- _Your assignment_:
Using the records below, quote only the span that opens with the line containing "Tappers and Pointers" and closes with the line containing "У Вінницькій області", exactly and inclusively.

- _Supplied data_:

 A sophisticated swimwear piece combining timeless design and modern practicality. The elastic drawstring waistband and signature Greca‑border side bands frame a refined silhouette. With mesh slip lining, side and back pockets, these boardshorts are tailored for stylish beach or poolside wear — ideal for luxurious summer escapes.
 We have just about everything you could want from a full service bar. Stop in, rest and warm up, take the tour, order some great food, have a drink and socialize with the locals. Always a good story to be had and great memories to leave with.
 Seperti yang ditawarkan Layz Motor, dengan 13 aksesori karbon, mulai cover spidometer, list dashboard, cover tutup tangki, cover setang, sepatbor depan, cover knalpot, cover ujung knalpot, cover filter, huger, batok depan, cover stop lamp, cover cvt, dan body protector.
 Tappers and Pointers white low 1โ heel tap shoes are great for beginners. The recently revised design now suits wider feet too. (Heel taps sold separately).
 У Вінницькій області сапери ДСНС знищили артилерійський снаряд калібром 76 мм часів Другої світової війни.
---
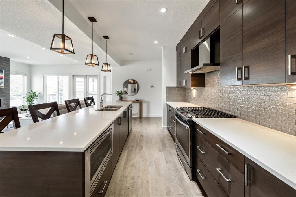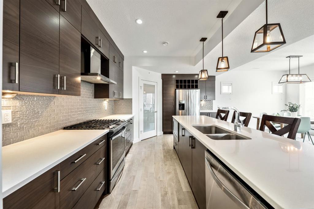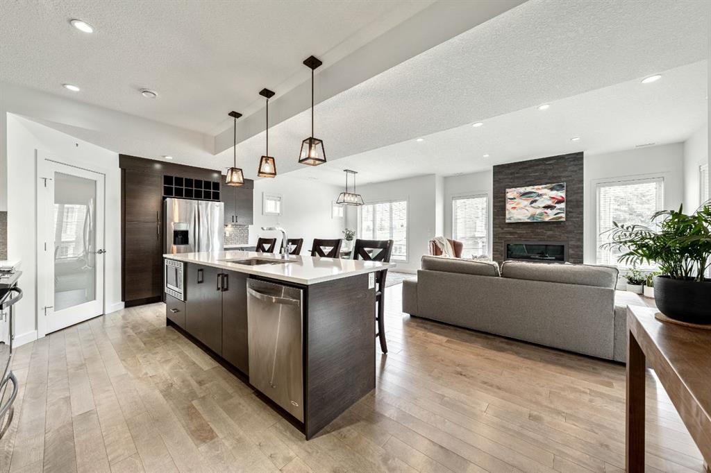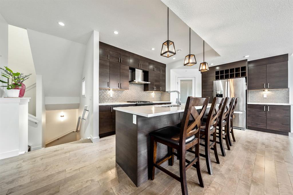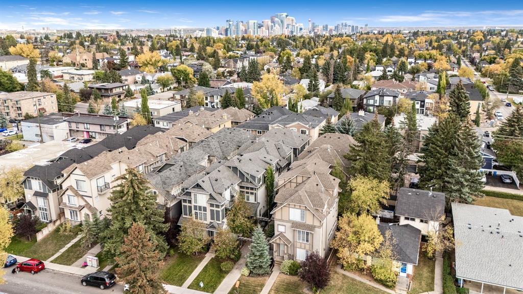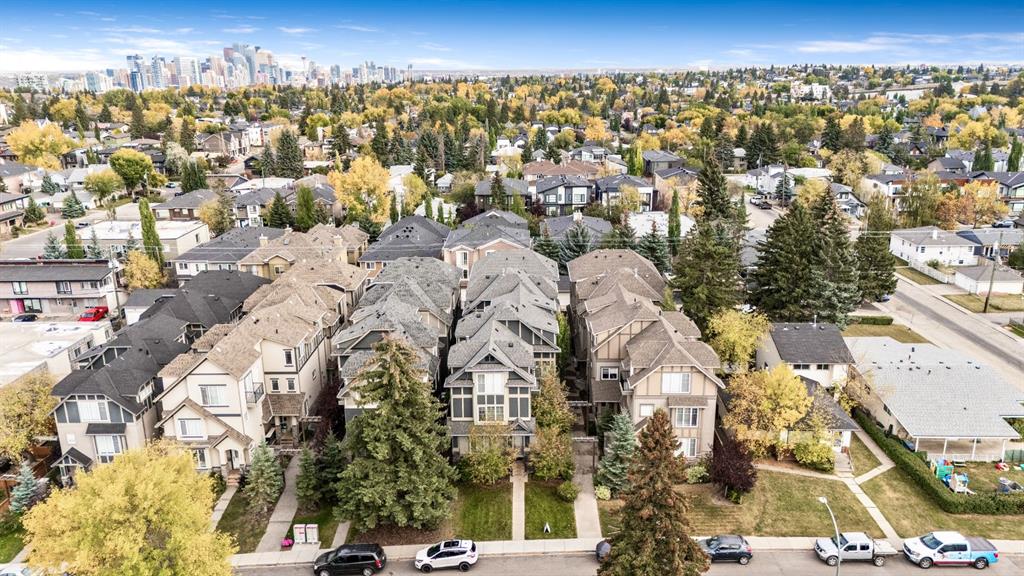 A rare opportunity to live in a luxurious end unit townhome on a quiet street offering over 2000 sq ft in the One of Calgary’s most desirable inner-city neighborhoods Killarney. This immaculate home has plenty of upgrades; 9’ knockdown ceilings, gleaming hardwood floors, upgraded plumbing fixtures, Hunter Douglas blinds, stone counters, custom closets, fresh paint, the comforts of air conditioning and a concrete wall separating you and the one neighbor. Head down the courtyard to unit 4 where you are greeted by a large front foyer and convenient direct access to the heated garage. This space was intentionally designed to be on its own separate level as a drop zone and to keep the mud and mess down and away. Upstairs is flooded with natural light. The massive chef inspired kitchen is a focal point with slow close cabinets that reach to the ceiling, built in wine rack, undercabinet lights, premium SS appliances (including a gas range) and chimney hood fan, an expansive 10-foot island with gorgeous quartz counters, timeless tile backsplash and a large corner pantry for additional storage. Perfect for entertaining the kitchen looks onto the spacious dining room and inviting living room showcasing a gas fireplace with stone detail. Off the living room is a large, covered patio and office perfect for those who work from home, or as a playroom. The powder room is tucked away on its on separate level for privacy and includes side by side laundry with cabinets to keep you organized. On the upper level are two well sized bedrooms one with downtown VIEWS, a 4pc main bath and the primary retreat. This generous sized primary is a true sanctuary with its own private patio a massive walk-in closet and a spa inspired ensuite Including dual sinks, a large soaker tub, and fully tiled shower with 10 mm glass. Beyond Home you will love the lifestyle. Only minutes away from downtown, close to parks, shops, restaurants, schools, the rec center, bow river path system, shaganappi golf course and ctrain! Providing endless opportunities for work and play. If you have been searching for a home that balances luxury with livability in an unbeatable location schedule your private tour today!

- _Task solution_:
 Tappers and Pointers white low 1โ heel tap shoes are great for beginners. The recently revised design now suits wider feet too. (Heel taps sold separately).
 У Вінницькій області сапери ДСНС знищили артилерійський снаряд калібром 76 мм часів Другої світової війни.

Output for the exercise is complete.